Crossed dialogues, opposing energies, chaos, small but meaningful gestures, emotional dominoes, wide landscapes, and precise close-ups are the tools used to bring forward this choral narrative. Alcarràs is a prime example of contemplative cinema characterized by a minimalist and observational style with little or no narration at all. Realism plays a central role, as in other slow cinema movies that almost blend in with documentaries. To name a few: Robert Bresson‘s Au Hasard Balthazar (1966), Alfonso Cuarón‘s Roma (2018), and Apichatpong Weerasethakul‘s Uncle Boonmee Who Can Recall His Past Lives.

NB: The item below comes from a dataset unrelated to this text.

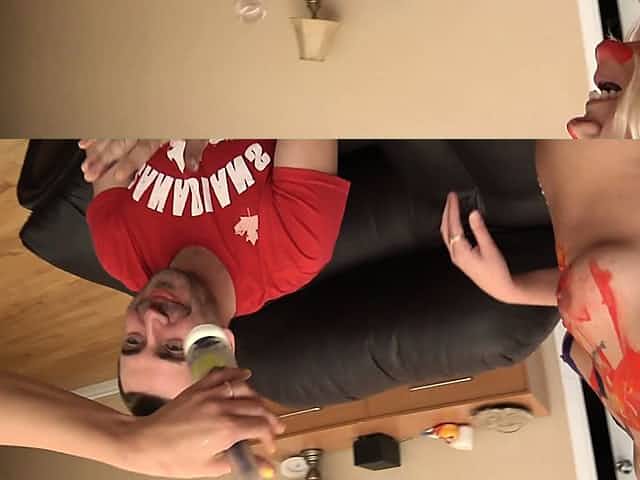 Nasty blonde teen uses a bottle of champagne of please her needy cunt
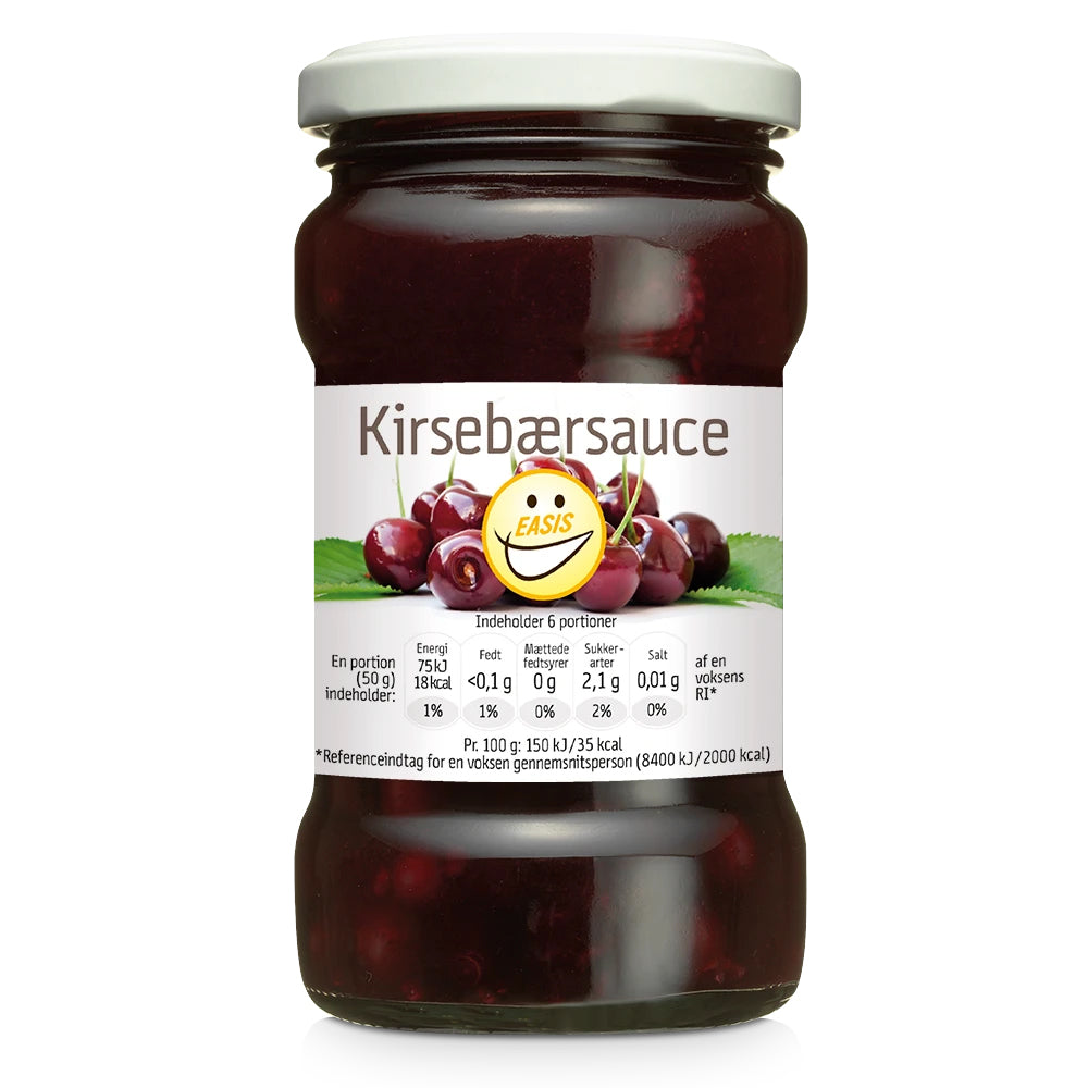Jeg er meget tilfreds med Easis kirsebærsauce. Jeg synes den har en god smag og det er ikke til at smage der er færre kalorier i denne.

Global issues through locals’ eyes

It’s beautiful to go to the supermarket and buy apples, but there is brutal work behind it, and people aren’t aware of it. […] In Alcarràs you can see all that.

Albert Bosch at Alcarràs premiere’s press conference

In Alcarràs, global environmental and labor issues are shown through the eyes of the local people. Indeed, many actors involved in the movie are non-professionals living in the area where the story is set. At the premiere press conference, Simón argued that when the extensive research for the movie began, she realized that there is not much hope for the small farmers’ families of Catalonia. They are tired, sales are difficult, and the weather is unpredictable due to climate change. So, there is an actual crisis affecting this land.

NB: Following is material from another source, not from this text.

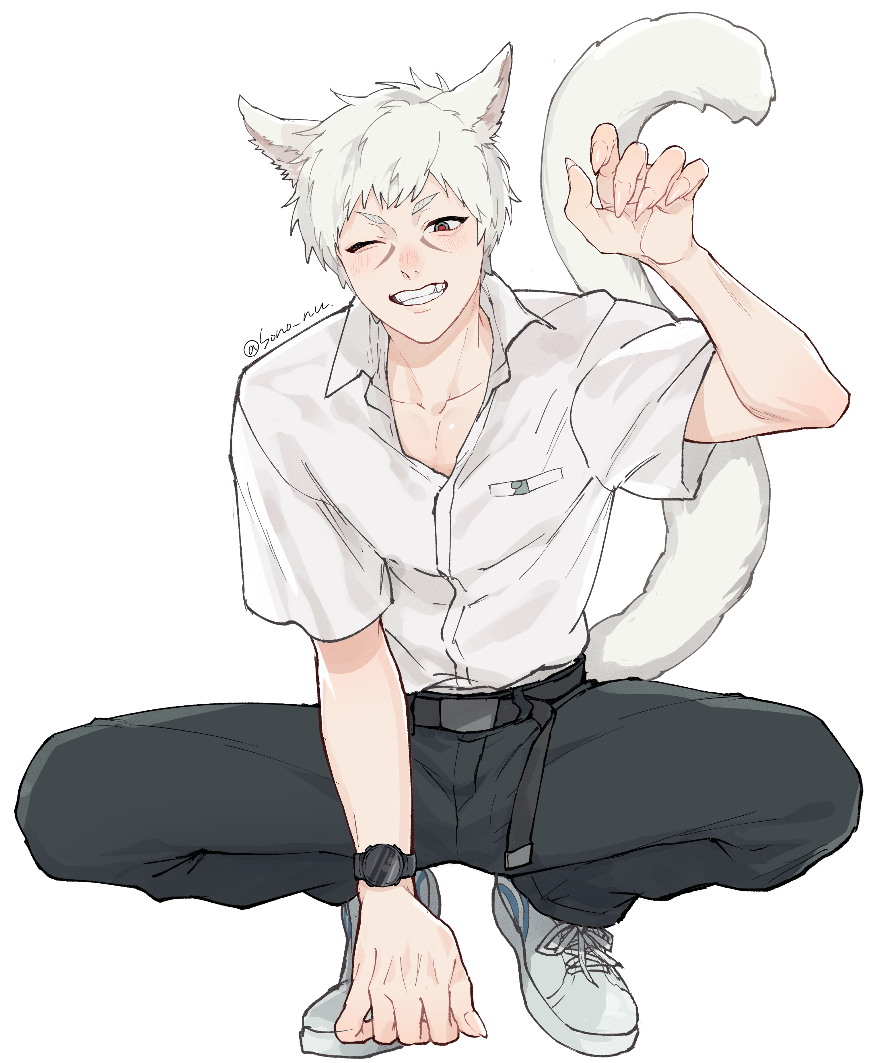 1boyanimal earsbeltblack beltblack pantsblushcollared shirtfingernailsgrinmale focusnose blushone eye closedpantspaw posepocketred pupilssharp fingernailsshirtshirt tucked inshoesshort hairshort sleevessimple backgroundsmilesolosquattingtailtwitter usernamewatchwhite backgroundwhite hairwhite shirtwhite shoeswristwatch

This is what Alcarràs is all about. And no one other than the real people struggling could tell this story better.

The film team, the Artistic Director and the Executive Director of the Berlin International Film Festival on the Red Carpet before the premiere. Image courtesy of Berlinale.
The movie team, Artistic Director, and Executive Director of the Berlin International Film Festival. Image courtesy of Berlinale.

Carla Simón always looks for naturalism in acting. Therefore, she wanted the movie to be played by people with a real attachment to the land. Possibly members of the same family who speak the true dialect of the region. More than seven thousand people were cast, and after finding the right people to present themselves as a real family, they spent so much time together that they now call each other by their characters’ names, Simón claims in the treatment of Alcarràs.

The Solés have become a full-fledged family. In conclusion, Alcarràs is a tribute not only to the newborn Solé family but to all those farmers’ families who resist climate change and labor exploitation while protecting their land and traditions.